~Abdullah Mansoor

The BJP is actively working to include marginalized Pasmanda Muslims in its outreach efforts, aiming to address their specific needs and concerns. Historically criticized for lacking Muslim representation, Refusing to give tickets to Muslims by the BJP, conducting aggressive Hindutva-based political campaigns in the name of nationalism, and BJP’s strategic silence on communal issues like mob lynching, bulldozers justice are issues that portray the BJP as anti-Muslim. The party is now making strategic moves to engage with this demographic, following earlier initiatives targeting Dalits and Adivasis.

In a significant step, the BJP organized the ‘Pasmanda Buddhijeevi Sammelan’ in Lucknow, Uttar Pradesh, where prominent leaders participated, signalling a shift towards inclusivity. This shift is part of a broader strategy to diversify the party’s support base and bridge the gap left by previous political neglect of Pasmanda Muslim communities. Recent changes in Muslim voting patterns, including a notable shift towards the BJP, reflect the effectiveness of these efforts in addressing social and economic concerns among Pasmanda Muslims.

The social stratification of Indian Muslims delineates them into three main groups: the ‘Ashraf’, comprising approximately 15% of the population, identified as upper castes; the ‘Ajlaf,’ denoting lower caste converts; and the ‘Arzal,’ representing the untouchables.
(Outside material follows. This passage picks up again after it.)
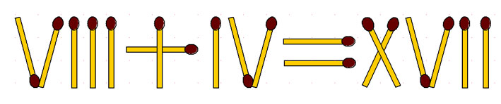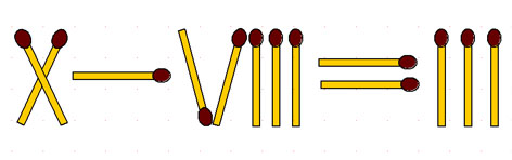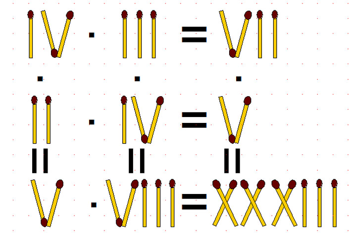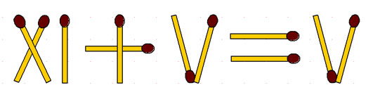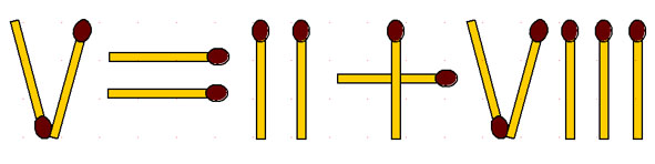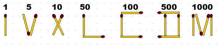 При решении задач первого урока спичками нужно будет изображать цифры и буквы. Если вы улыбнулись, прочитав эпиграф, значит с арифметикой у вас всё в порядке. Тогда дерзайте. Минимальные «системные» требования к человеку, решающему задачи этой главы – знать русский и латинский алфавиты, арабское и римское написание чисел, уметь немножечко считать. В обыденной жизни римские цифры последнее время встречаются редко, но многие спичечные задачи с числами и арифметическими примерами имеют давнюю историю и поэтому в них фигурируют цифры этой, постепенно забываемой, системы счисления. Римская нумерация, в отличие от арабской системы, не позиционная. В её основе использованы принцип сложения (например, V+I=VI, то есть 5+1=6) и принцип вычитания (например, X-I=IX, 10-1=9). Основные знаки римской нумерации, в спичечном изображении, выглядят так: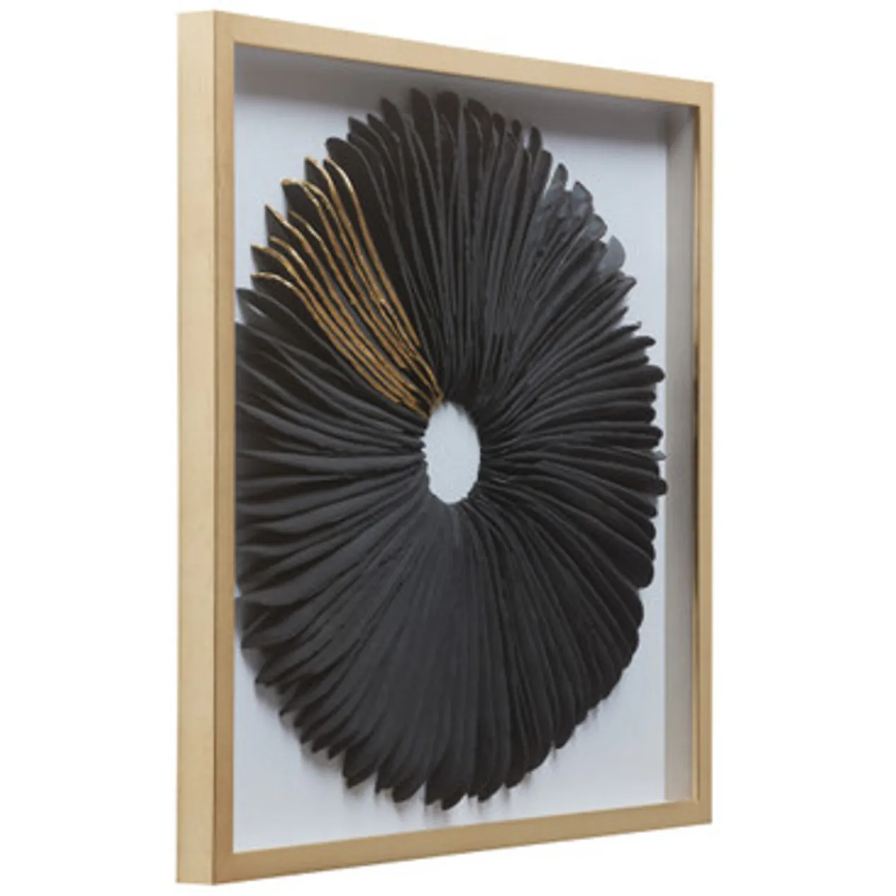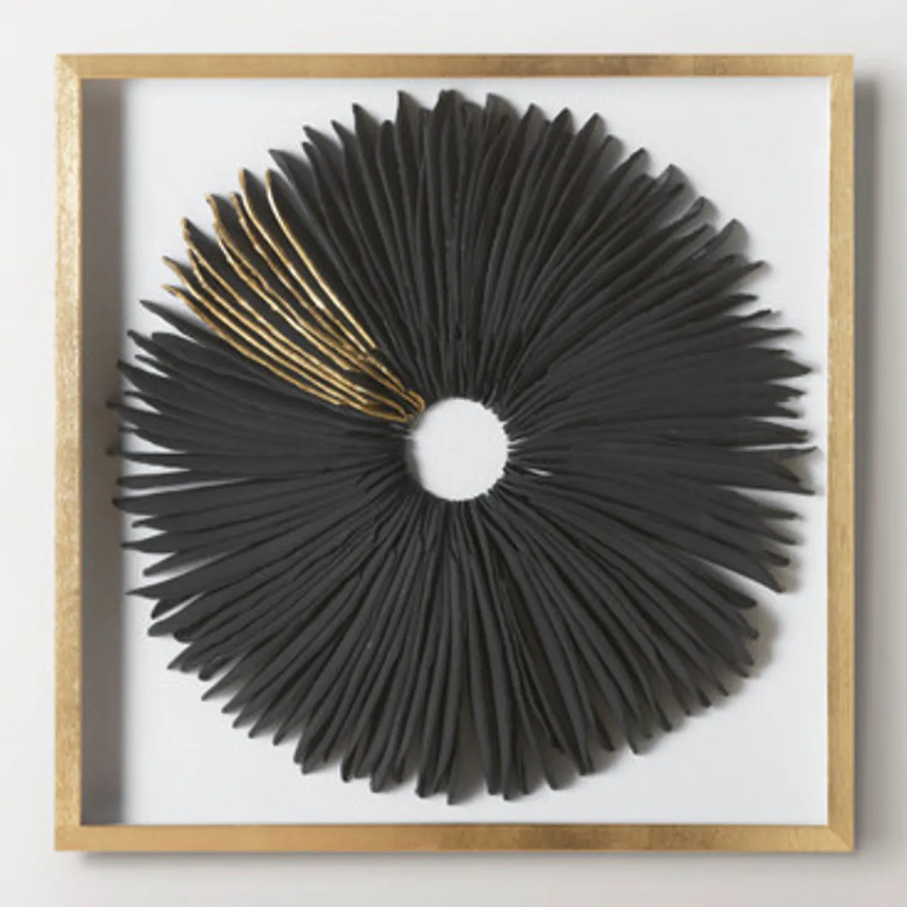 Featuring hand-sculpted clay arranged in a circular pattern with gilded accents, this dimensional work adds an incredible element of texture and shine to the wall. Displayed under glass in a gold shadowbox frame.

The marginalized ‘Pasmandas’ encapsulate socially, economically, and educationally disadvantaged individuals from both ‘Ajlaf’ and ‘Arzal’ backgrounds, with the latter subgroup integrating Dalit and backward-caste Muslims. The term “Pasmanda” refers to those who have lagged behind, signifying marginalized and oppressed communities within Indian Muslim society, stemming from lower castes and economically disadvantaged groups. The Pasmanda movement emerged in response to discrimination faced by Muslims from lower castes after the Mandal Commission movement in the 1990s.

Acknowledging Historical Oppression

During national executive meetings in Delhi and Hyderabad, Prime Minister Narendra Modi urged the BJP to reach out to the fringes of minority communities. Speaking to booth-level workers in Bhopal, he acknowledged the historical oppression faced by a section of Muslims within his own religion, emphasizing the need for discussions on this issue.  During national executive meetings, PM Narendra Modi addresses historical oppression within his religion, emphasizing the need for discussions on discrimination faced by Pasmamda communities.PM Modi highlighted the discrimination against various Pasmamda communities like Mochi, Bhathiara, Jogi, Madari, Julaha, Lohar, Tejaa, Laheri, Haldar, stating that these communities have faced unjust biases that generations have endured.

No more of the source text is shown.